Open anotherjoshsmith opened 6 years ago

anotherjoshsmith commented 6 years ago

Ideally, we'll neatly separate analysis and visualization methods. It seems more appropriate to normalize the weight before sending the COLVAR DataFrame to make_2d_free_energy_surface (especially if we're appending a 'normalized_weight' column ).

pfaendtner commented 6 years ago

you should definitely have weights for your histogram construction. When doing reweighting from MetaD runs, there will be data read in from COLVAR or elsewhere that form the basis for calculating weights. I would pre-populate a vector of 1s to match your COLVAR and always do it as weighted w/default that value.

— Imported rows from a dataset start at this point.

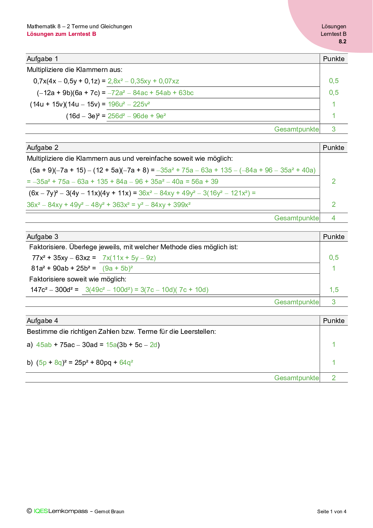 8.2 Terme und Gleichungen – Lösungen zum Lerntest B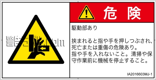 挟まれると指や手を押しつぶされ、死亡または重傷の危険あり。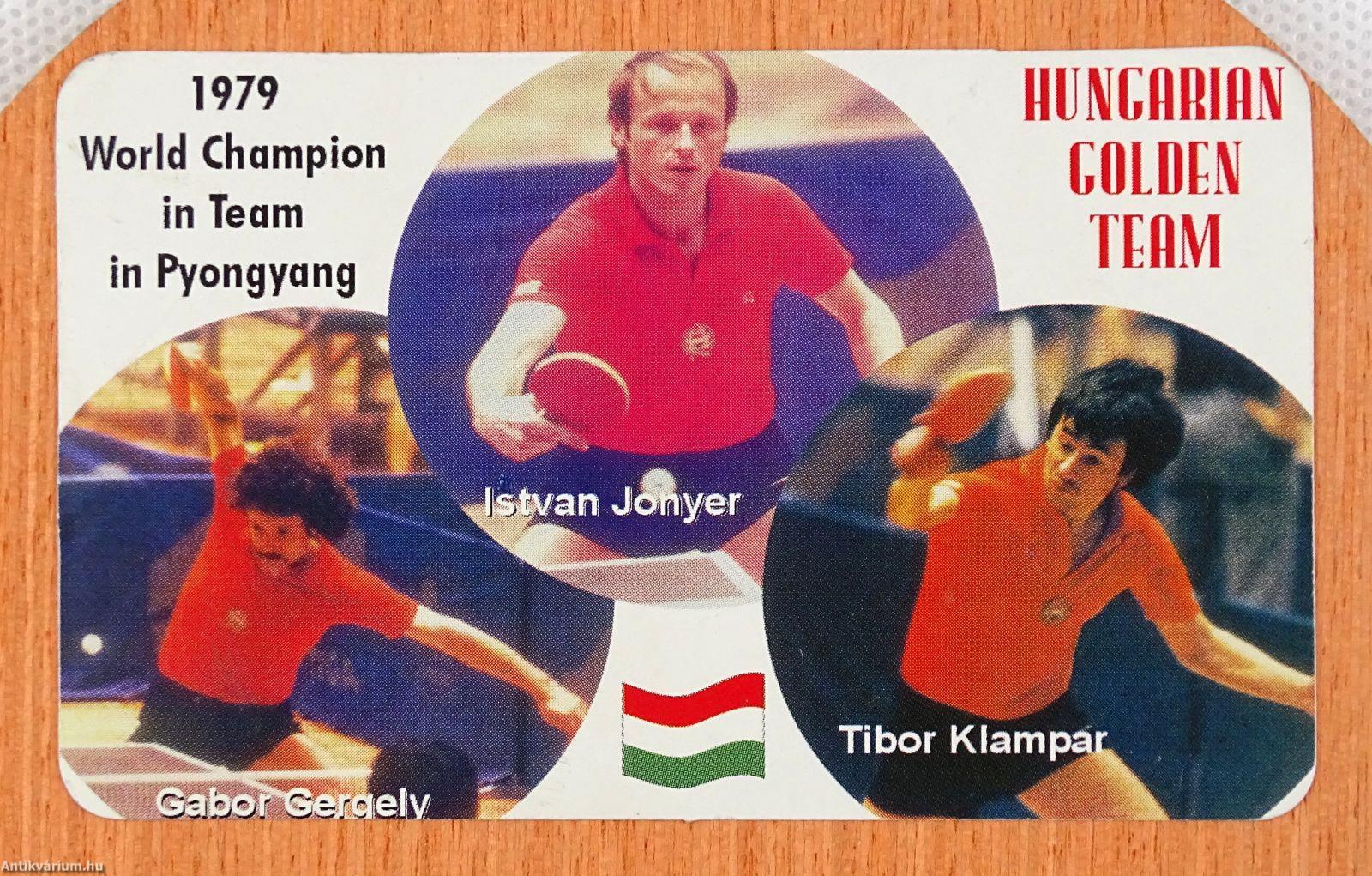 A relikvia mindkét oldalán a 35. asztalitenisz világbajnokságot idéző, ragasztott címke található (felirat: 1979 World Champion in Team in Pyongyang. Hungarian Golden Team). A jeles eseményt 1979. április 25. és május 6. között rendezték meg Phenjanban, ahol a férfi csapatversenyt megnyerte a magyar válogatott: Gergely Gábor, Klampár Tibor, Jónyer István. A következőket írta az eseményről a Békés Megyei Népújság: "...Hatalmas magyar sikerrel fejeződött be a férfi csapatverseny a Phenjanban zajló asztalitenisz világbajnokságon: a Gergely Gábor, Klampár Tibor, Jónyer István összeállítású válogatott a döntőben 5:1 arányban fölényesen legyőzte a Kínai NK csapatát és 27 év után Magyarország ismét csapatvilágbajnoki címet nyert...". - (1979. május 03./34. évfolyam/101. szám).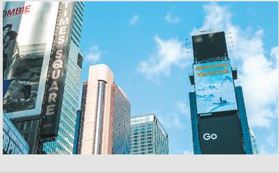 以《魅力长江》为题的7部系列宣传片,12月9日在美国纽约时报广场“中国屏”亮相。这7部宣传片分别以“绿色经济”“生态净土”“多彩民族”“文化传承”“田园经济”“环保城市”和“栖息乐土”为主题,从不同侧面展现中国长江及沿岸地区的生机和活力。图为《魅力长江》系列宣传片在“中国屏”上播放。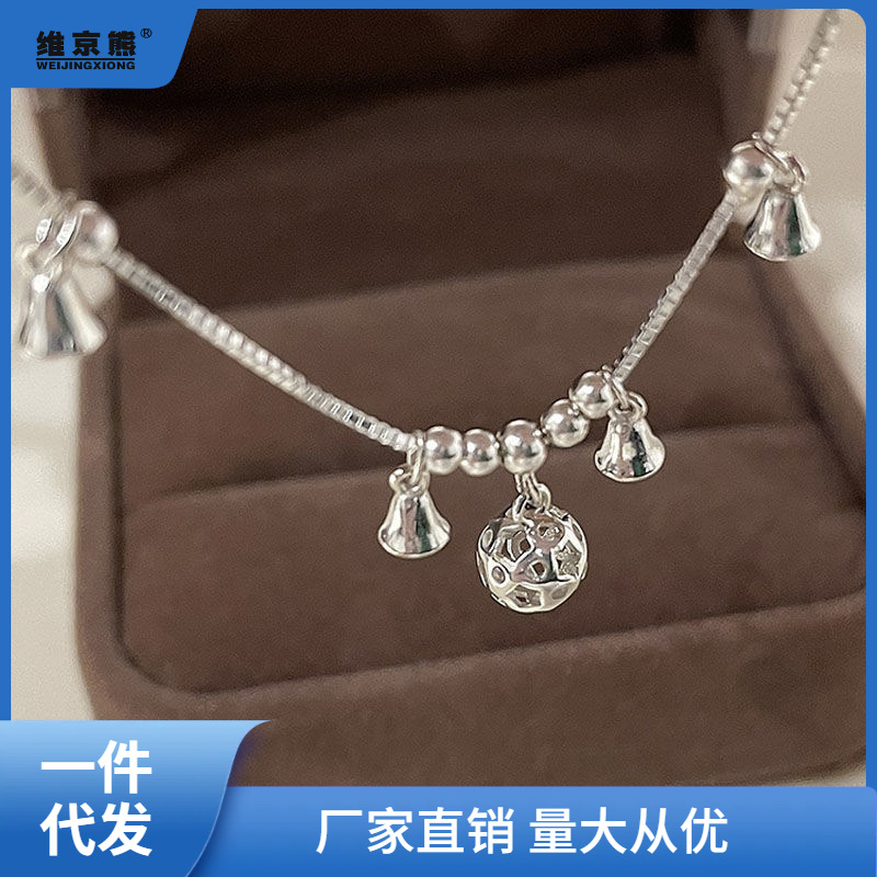 脚链女孩纯银925宫铃古风圆球铃铛网红聂小倩铃铛环新款夏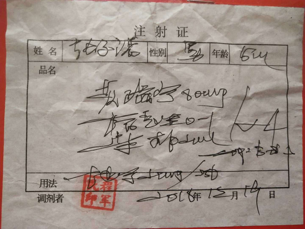 杜良鄉(xiāng)衛(wèi)生院開具的注射證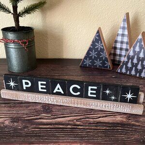 CLEARANCE!Wooden Ledgie Kit - PEACE / 12"x2.5"x1" / Black and White / Christmas
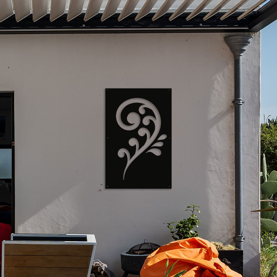 This large outdoor Koru Stencil wall art in Black is inspired by an unfurling fern frond. In New Zealand, the Koru represents new beginnings, growth, and peace — making it a meaningful feature for your garden, entertainment area, or entryway. Each piece is crafted from highly durable, weather-resistant ACM (Aluminium Composite) and finished in a gloss white or black powder coating for a sleek, contemporary look that complements both natural and architectural surroundings. (Main Picture: Size 2 - 1300mm x 780mm)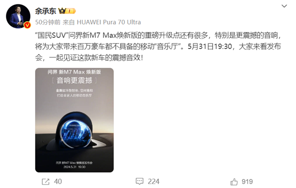 余承东今日发文称,问界新M7 Max焕新版将为大家带来百万豪车都不具备的移动“音乐厅”,车辆音响更震撼。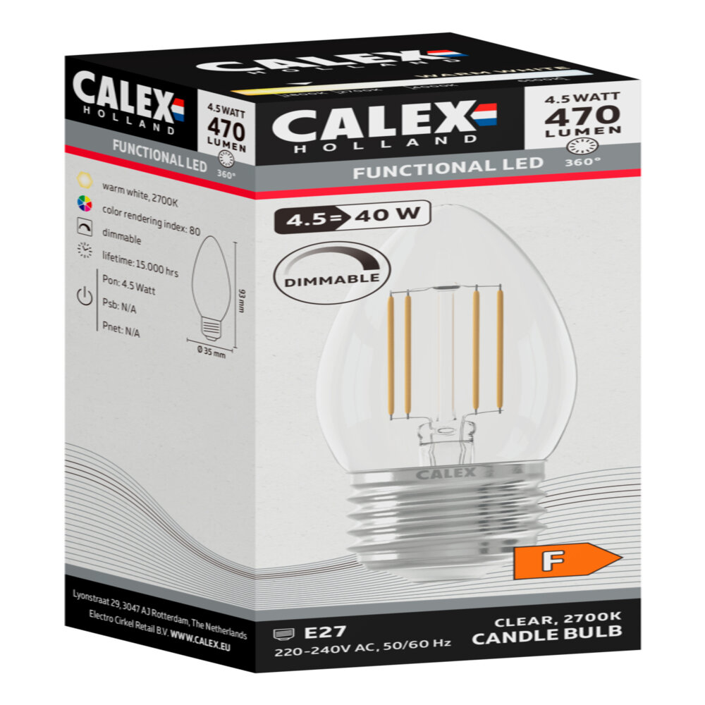 Candle Clear Straight filam’ 220-240V 4.5W E27 LED dimmer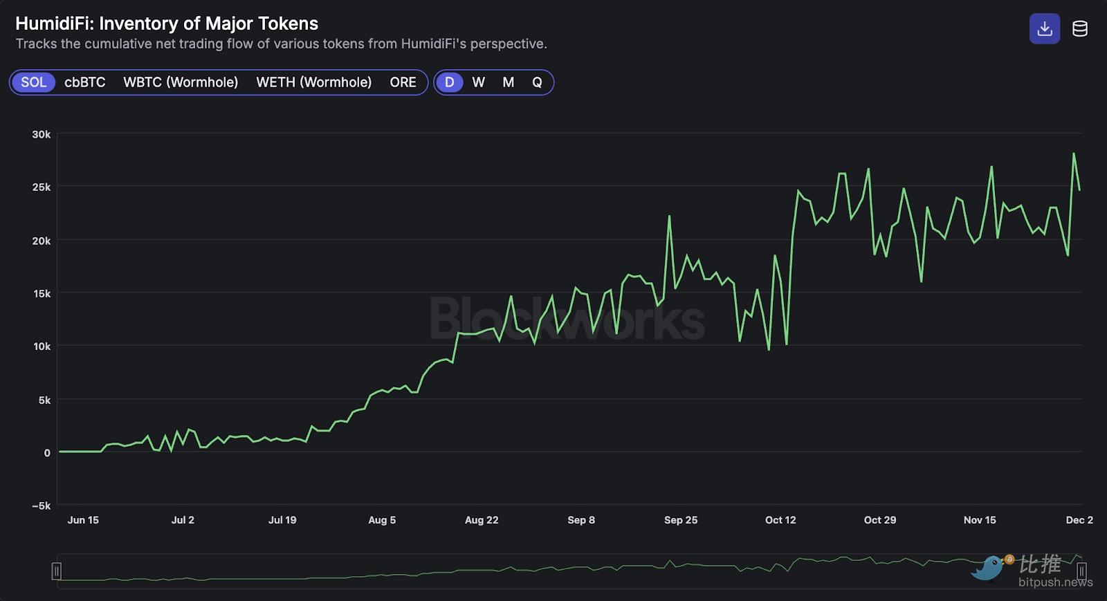 HumidiFi 的收入虽然 HumidiFi 的收入未公开,但我们可以通过观察其自成立以来的代币库存增量来估算。核心思路是,由于 HumidiFi 实质上充当做市柜台(主动做市 AMM 中只有一个 LP),每一笔与其进行的交易都有赢家和输家。随着时间的推移,做市商的净库存变化反映了交易盈亏。因此,我们可以从 HumidiFi 的角度追踪各种代币的累计净交易流量,作为其收入的代理指标。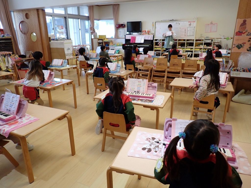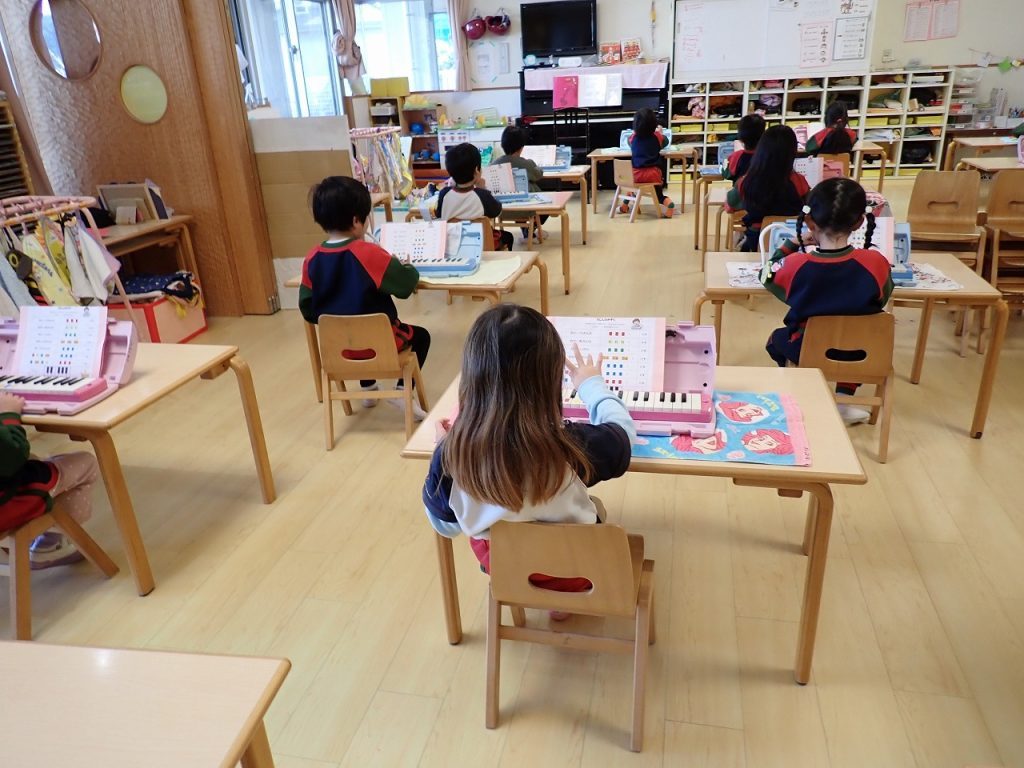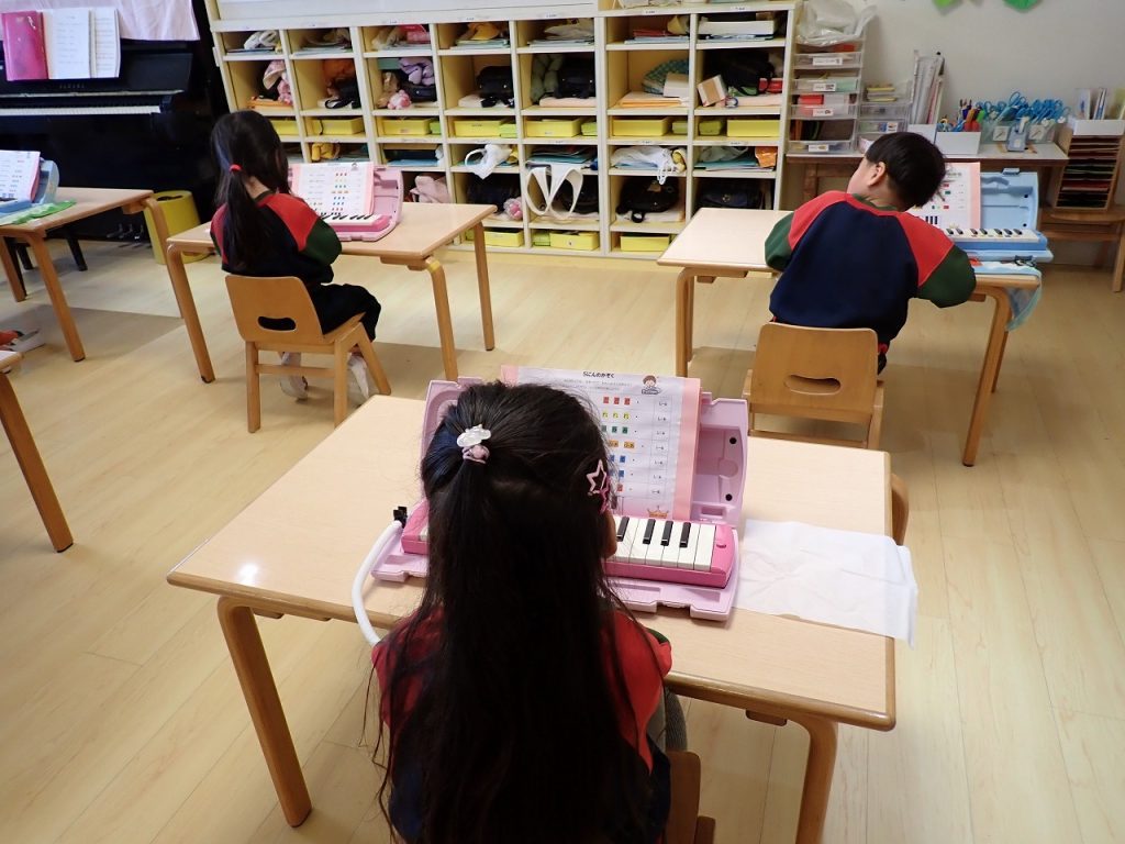2月12日(木)鍵盤ハーモニカ練習≪年中:きぎく組≫ 2026年2月12日 年中のきぎく組さんが鍵盤ハーモニカの練習をしていました。先生のお話をよく聞いて練習できていました。先生がみんなのところを回って、丁寧に指導をしていました。「ド」から「ソ」まで上手にできていました。使った後の片付けもきちんとできていました。 前の記事 一覧へもどる
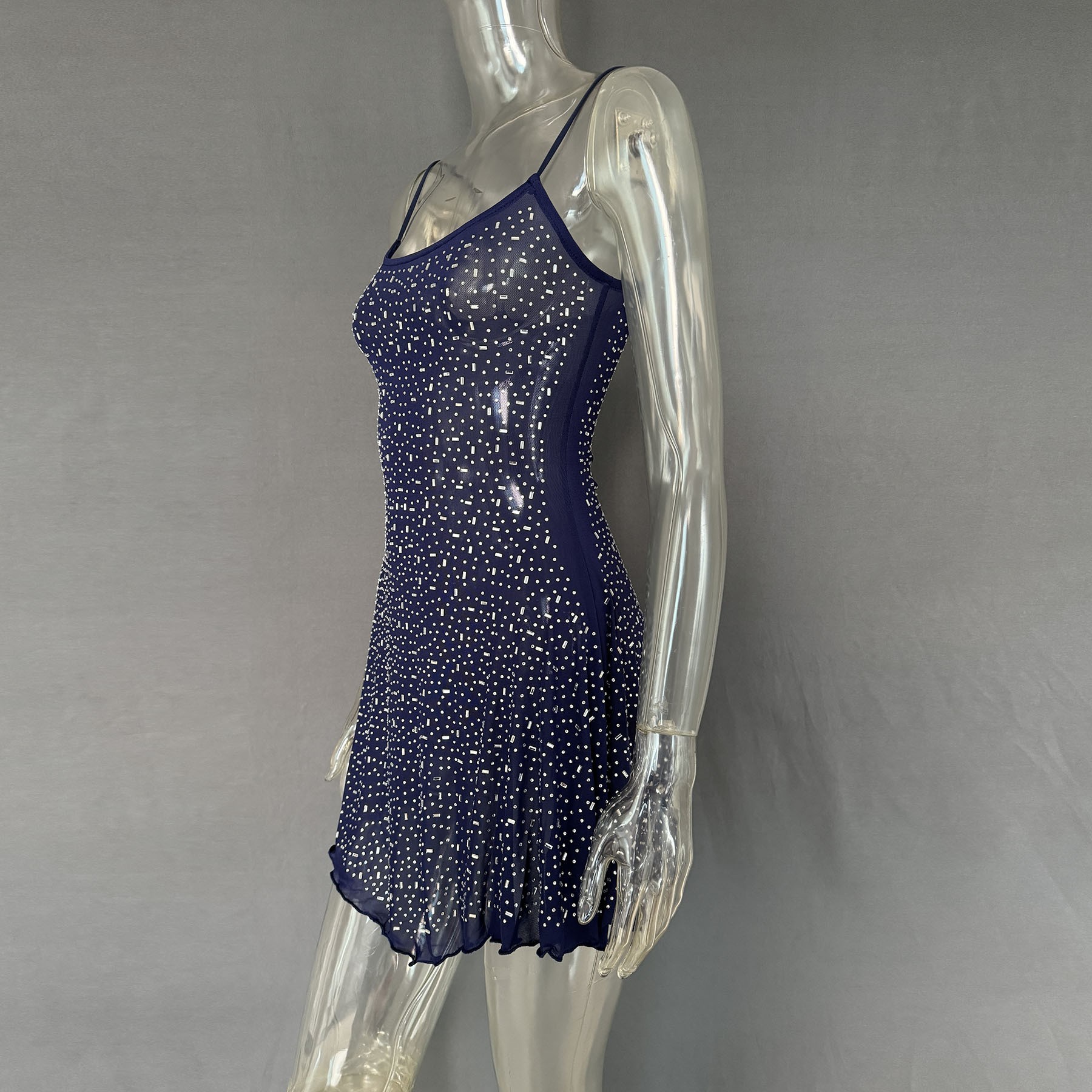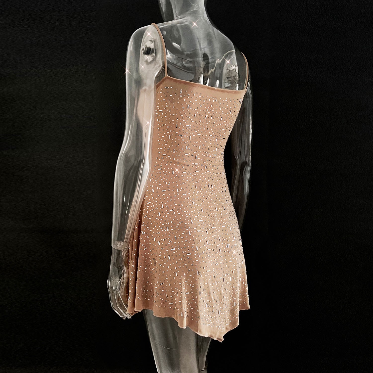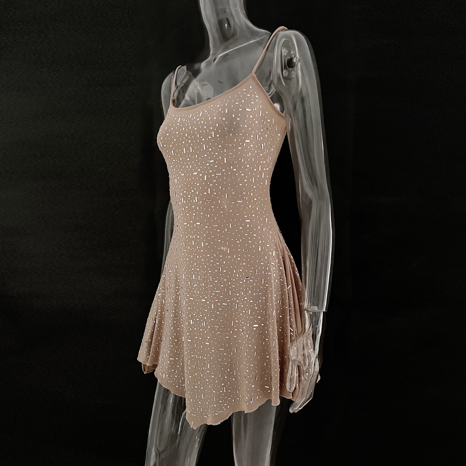 2025跨境爆款女装亚马逊速卖通独立站派对烫钻半透视吊带短连衣裙

Another thing to take care is that the weights can get numerically out of hand if you are dealing w/exponentials, so there may be a need at some point to shift energies by a scalar (if they are used in MetaD or TV style reweighting

anotherjoshsmith commented 6 years ago

The current make_2d_free_energy_surface method (crudely yanked from a previous analysis script) calculates and normalizes weights from a static 'pb.bias' column, then proceeds to create the np.histogram2d and with weights converted to free energy. I just want to refactor this into two functions: one which creates a 'normalized_weights' column from static 'xxxx.bias', and another which creates the plot.

A default 'weights' column is a good idea to open up the possibility of analysis with unbiased trajectories. However, if someone feeds a COLVAR DataFrame based on a biased simulation, but the 'weights' are all 1s , the resultant FES would be "not even wrong" ;) I'd prefer the make_2d_free_energy_surface method throws an error if someone tries to use it without first generating appropriate weights. I can be easily add a default 'weights' = 1 for COLVAR files from unbiased simulations by requesting that the user add an unbiased=True argument to the plm.read_colvar method.

@pfaendtner Do you have a good reference I can check out which discusses the numerical issue and potential fix w/ scalar shift?